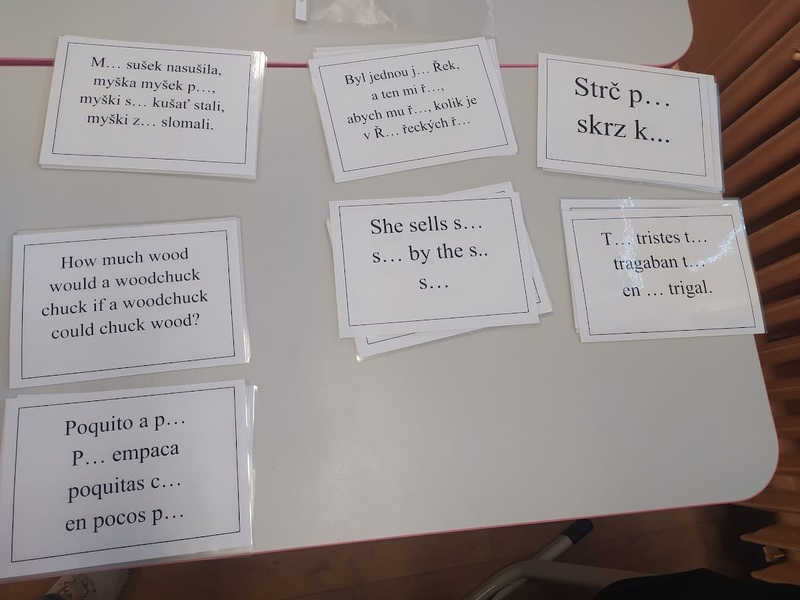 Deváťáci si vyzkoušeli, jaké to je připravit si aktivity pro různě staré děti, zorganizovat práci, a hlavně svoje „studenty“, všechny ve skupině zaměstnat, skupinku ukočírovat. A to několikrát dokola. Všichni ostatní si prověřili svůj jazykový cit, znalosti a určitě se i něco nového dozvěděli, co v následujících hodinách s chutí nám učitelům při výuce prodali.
--
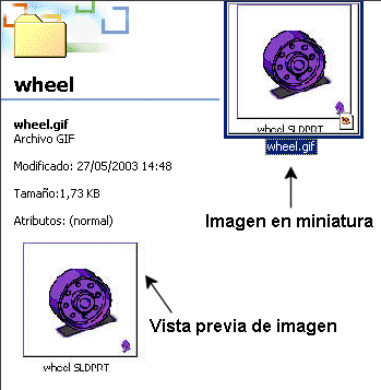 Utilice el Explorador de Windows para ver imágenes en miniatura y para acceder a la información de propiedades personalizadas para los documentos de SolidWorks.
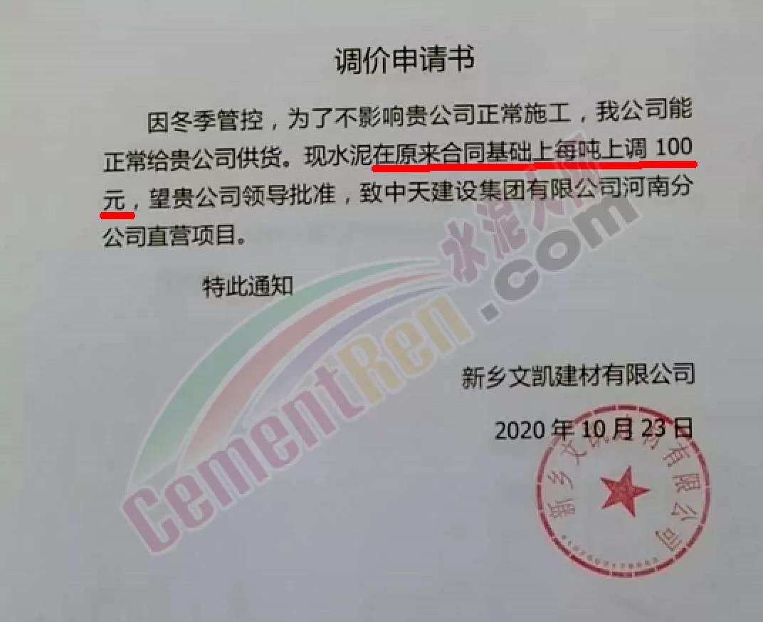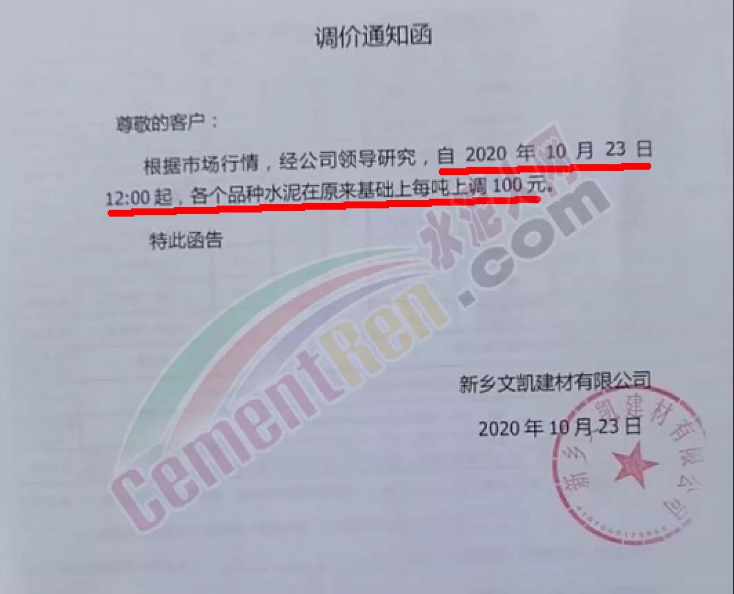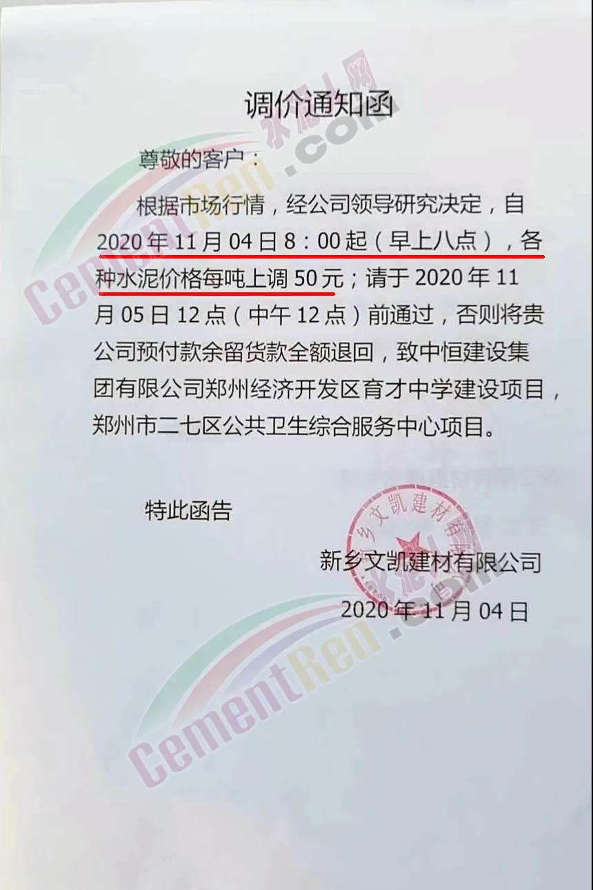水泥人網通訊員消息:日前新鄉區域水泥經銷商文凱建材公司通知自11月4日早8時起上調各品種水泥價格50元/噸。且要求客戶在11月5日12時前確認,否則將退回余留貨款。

_Your instructions_:
Among the entries above, take the line with "Utilice el Explorador", the line with "水泥人網通訊員消息:日前新鄉", and all the lines between them, and restate them word for word without pictures.

_Worked solution_:
 Utilice el Explorador de Windows para ver imágenes en miniatura y para acceder a la información de propiedades personalizadas para los documentos de SolidWorks.
水泥人網通訊員消息:日前新鄉區域水泥經銷商文凱建材公司通知自11月4日早8時起上調各品種水泥價格50元/噸。且要求客戶在11月5日12時前確認,否則將退回余留貨款。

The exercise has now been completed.